Scrum at Macro and Micro Levels

Scrum has come of age. Not only it is entering the mainstream of modern software development, but it is, IMHO, the most popular/successful agile method for project management today. It was not the case a few years ago, when XP dominated the agile world. Ken Schwaber reconfirmed this with some stats on Scrum penetration, the number of Certified Scrum Masters, Certified Practicing Scrum Masters, etc.
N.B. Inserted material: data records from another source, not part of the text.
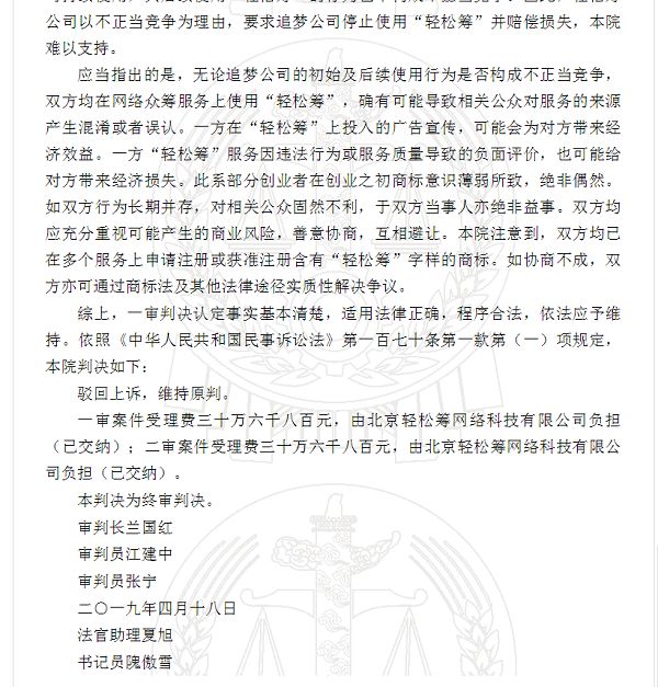“轻松筹”坐上被告席,经过法院一审二审,均败诉。法院判决书显示,轻松筹公司使用“轻松筹”的行为构成不正当竞争,判令其立即停止侵犯商标专用权。
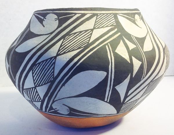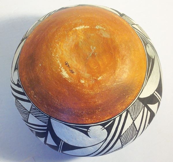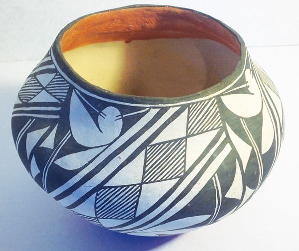 Traditional, thin walled, polychrome pottery jar with fine line and floral motifs. Very good condition, minor scuffs.Mid 1900s5" x 7-1/2"
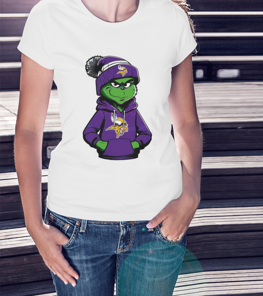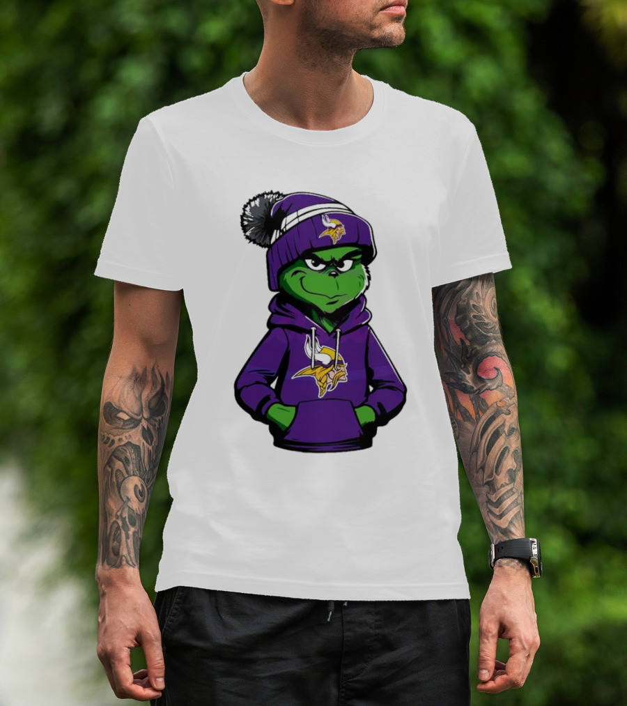 Grinch In Minnesota Vikings Hoodie And Hat With Team T-Shirt
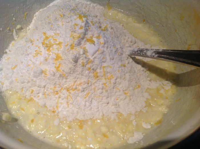 Добавьте муку, разрыхлитель и цедру лимона, и хорошо размешайте.
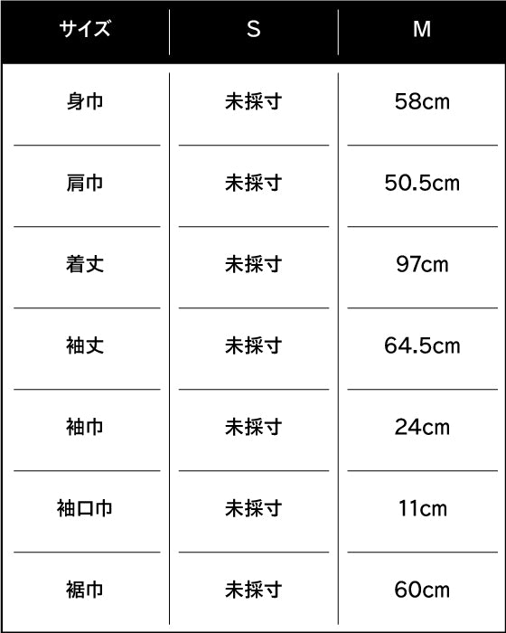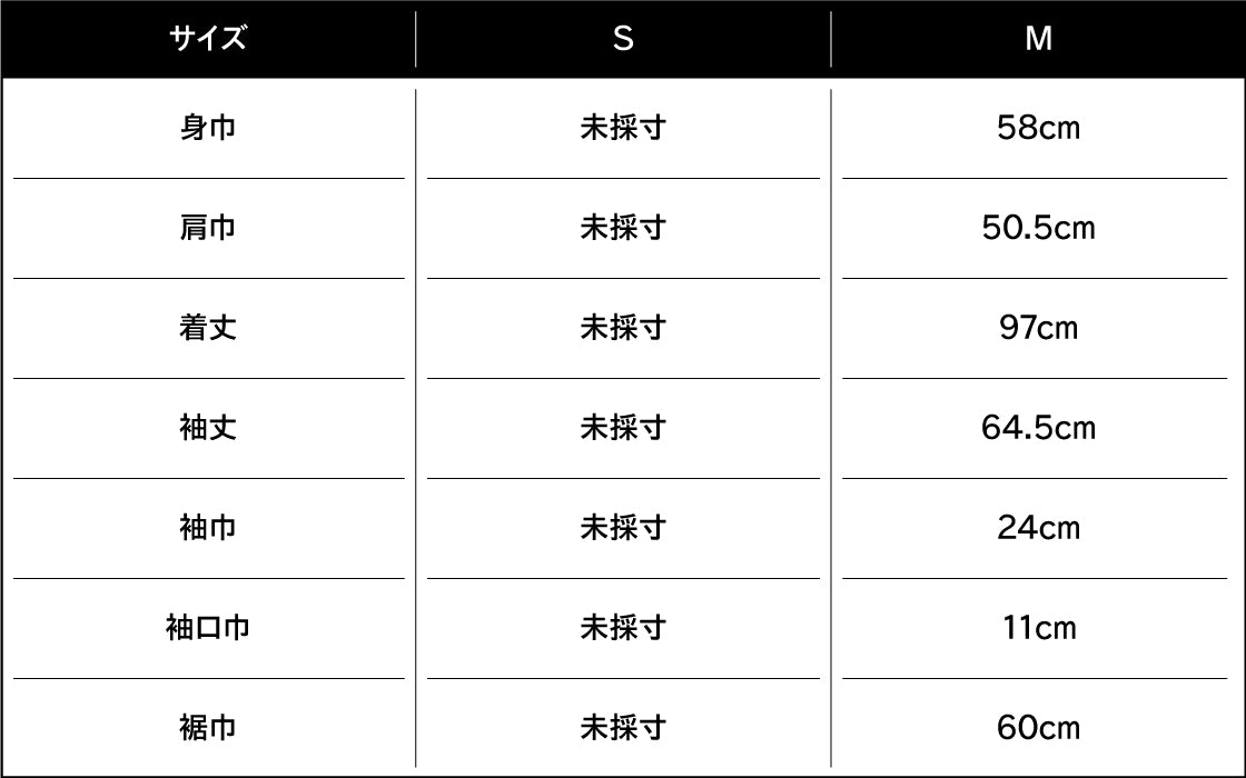 身長182cm、バスト90cm、ウエスト76cm、ヒップ88cm、肩巾53cm、袖丈63cm、頭回り59cm
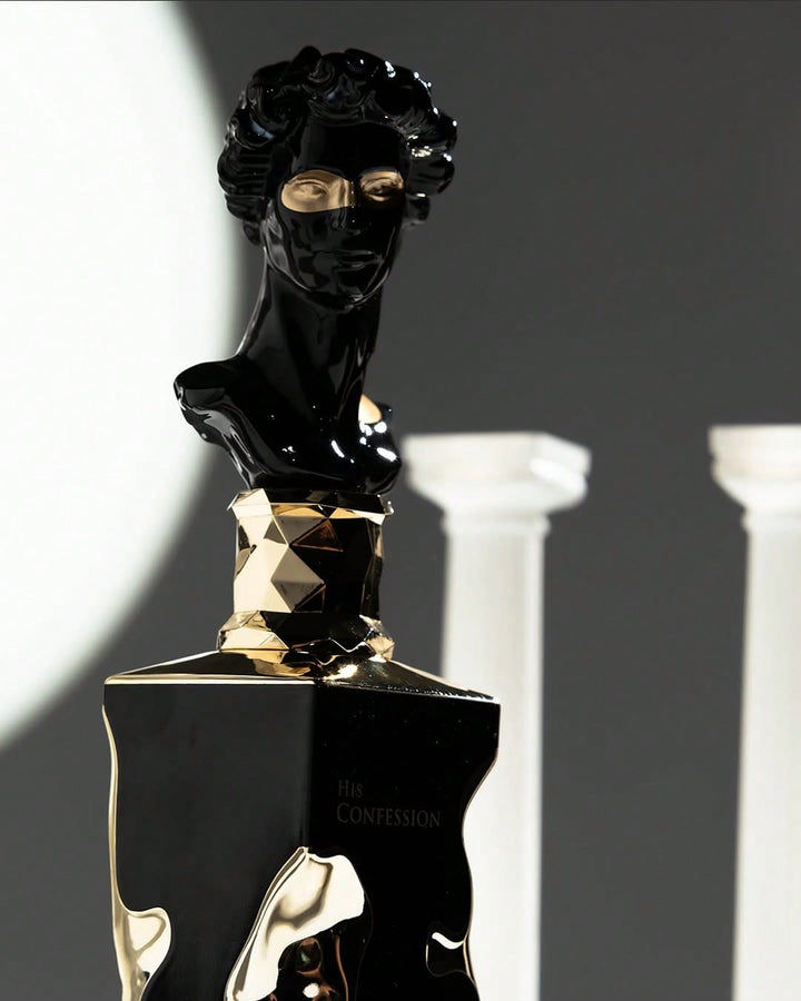 - His Confession se présente dans une bouteille artistique, véritable sculpture, reflétant l'intensité et le raffinement de ce parfum unique.

Historically, when agile methods were in the early adolescence period, one of the main criticisms was that agile methods did not scale. At the Canadian Agile Workshop dedicated to the very issue of scaling agile methods (2003, https://www.agilenetwork.ca/ws2003/ ), Martin Fowler argued strongly against scaling up while Ken Schwaber described his experiences working with Scrum on large projects (100+ team members) and several techniques he had successfully used. One of the techniques was the Scrum of Scrums (in a large team of teams, one representative of each comprising team regularly (Schwaber recommends daily; in practice, it tends to be 2-3 times/week) participates in a scrum of scrums meeting, that is conducted similarly to the regular scrum). Mike Cohn gives a nice description and various techniques on how to run Scrum of Scrums meetings effectively (https://www.mountaingoatsoftware.com/article/35).

In his Agile 2007 talk, Schwaber goes beyond the issue of scaling Scrum. He addresses the matter of how to roll out Scrum adoption enterprise-wide. Schwaber emphasizes the fact that there is no “enterprise” version of Scrum. It is a simple empirical framework for managing the development and deployment of (complex) products/systems. There is, however, Scrum used throughout the enterprise. Schwaber describes the “etc.” project - the Enterprise Transition project, not for development and maintaining of products/systems, but rather for optimization of the enterprise’s overall productivity, quality, value and competitiveness. The idea is to apply Scrum to transition the enterprise to Scrum. The lean principle of ruthless elimination of waste is fundamental. Similarly to a development project, a team (in charge of transition) composes a project backlog (Transition product backlog) with items requiring improvement. These could be fed from the impediments identified by current individual development projects. 30-day sprints are conducted to communicate Scrum values and the impact, establish and meet preconditions that must be met before a project can use Scrum, identify which projects to use Scrum next, identify Scrum masters, provide training, define Scrum metrics and mechanisms for their collection, assess compensation policies that encourage teamwork, and so on. Clearly, such transition project is a major undertaking. Schwaber estimates that it would take 6 months to roll-out, 3-5 years to make it stick and then continuous improvement.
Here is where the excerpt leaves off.